▸ INPUT FOR THIS TASK:
Start of Block

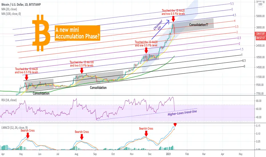 Also, I can't neglect to mention the Channel Up that we are in since late November. What do you think? Can this be enough to maintain the Channel or we are ahead of a multi-week consolidation within the 4.5 - 3.5 Fibonacci extension levels as it happened after every LMACD Bearish Cross/ 1D MA20 contact? Feel free to share your work and let me know in the comments section!
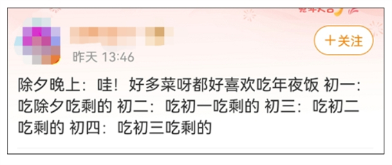 过年吃饭,讲究“年年有余”。于是,不少网友在春节,过上了天天吃剩菜的生活。
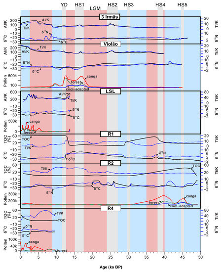 Generalized profile of the geochemical (Al/K and TOC with black line, Ti/K with blue-dashed line), isotopic (δ13C with black line, δ15N with blue dashed line), and pollen (canga vegetation with red line, forest with green dashed line and cool-adapted taxa with blue line) data of active (Três Irmãs, Violão and Serra Leste) and filled (R1, R2, R4, R5, ST02, LB3, LB4 and LTM) lakes. Light blue and red vertical bars represent wet and dry lacustrine phases in the ULs of Carajás [4,13,16,17,26,27]. Divided into 2 parts. YD (Younger Dryas), HS (Heinrich event) and LGM (Last Glacial Maximum).
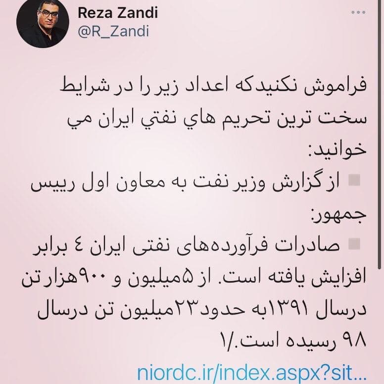 رضا زندي، روزنامه نگار حوزه انرژي در توييترش نوشت:
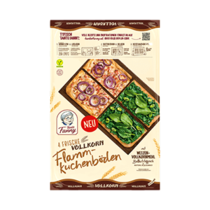 Die Tante Fanny Vollkorn Flammkuchenböden sind super dünn, extra knusprig und in wenigen Minuten genussfertig! Egal ob klassisch herzhaft oder als süße Verführung – mit den Flammkuchenböden kommen alle Flammkuchenliebhaber immer auf ihre Kosten! Dabei ist der Teig ballaststoffreich, vegan und palmfrei. Tante Fanny – Fannytastisch einfach!
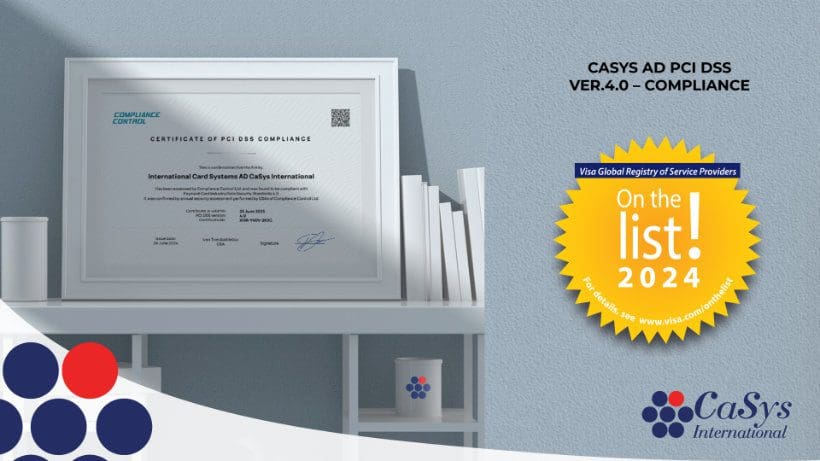 Единствениот центар за обработка и име од доверба во индустријата за плаќања успешно го помина процесот на сертификацијата за стандардите за безбедност на податоците во индустријата за платежни картички (PCI DSS) Ver. 4.0, која е задолжителна глобално од 31 март 2024 година. Оваа сертификација не само што ја илустрира посветеноста на КаСис кон безбедноста, туку и го зајакнува статусот на компанијата како водечки провајдер на услуги на глобалниот регистар на Visa / Mastercard.
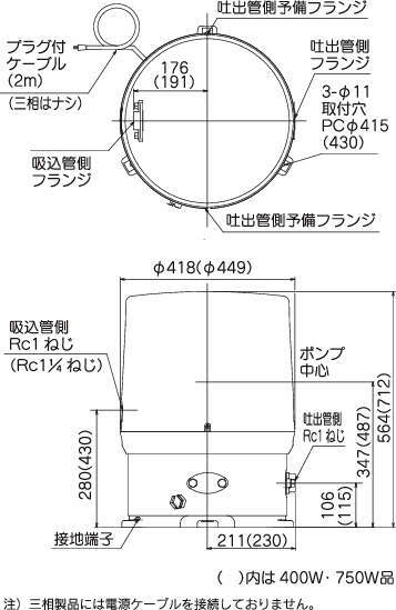 | WP-3755T-2 | 三相200V | 50 | 750 | 1120 | 8 | 16 | 64 | 180 | 280 | 30 | 1・1/6B | 25 | 1B | 31.0 |

End of Block

▸ WORK TO BE COMPLETED: Starting with the first line of the material, print each line exactly until you have printed the line with "Die Tante Fanny", and skip the pictures.

▸ RESULT OF THIS EXERCISE:
 Also, I can't neglect to mention the Channel Up that we are in since late November. What do you think? Can this be enough to maintain the Channel or we are ahead of a multi-week consolidation within the 4.5 - 3.5 Fibonacci extension levels as it happened after every LMACD Bearish Cross/ 1D MA20 contact? Feel free to share your work and let me know in the comments section!
 过年吃饭,讲究“年年有余”。于是,不少网友在春节,过上了天天吃剩菜的生活。
 Generalized profile of the geochemical (Al/K and TOC with black line, Ti/K with blue-dashed line), isotopic (δ13C with black line, δ15N with blue dashed line), and pollen (canga vegetation with red line, forest with green dashed line and cool-adapted taxa with blue line) data of active (Três Irmãs, Violão and Serra Leste) and filled (R1, R2, R4, R5, ST02, LB3, LB4 and LTM) lakes. Light blue and red vertical bars represent wet and dry lacustrine phases in the ULs of Carajás [4,13,16,17,26,27]. Divided into 2 parts. YD (Younger Dryas), HS (Heinrich event) and LGM (Last Glacial Maximum).
 رضا زندي، روزنامه نگار حوزه انرژي در توييترش نوشت:
 Die Tante Fanny Vollkorn Flammkuchenböden sind super dünn, extra knusprig und in wenigen Minuten genussfertig! Egal ob klassisch herzhaft oder als süße Verführung – mit den Flammkuchenböden kommen alle Flammkuchenliebhaber immer auf ihre Kosten! Dabei ist der Teig ballaststoffreich, vegan und palmfrei. Tante Fanny – Fannytastisch einfach!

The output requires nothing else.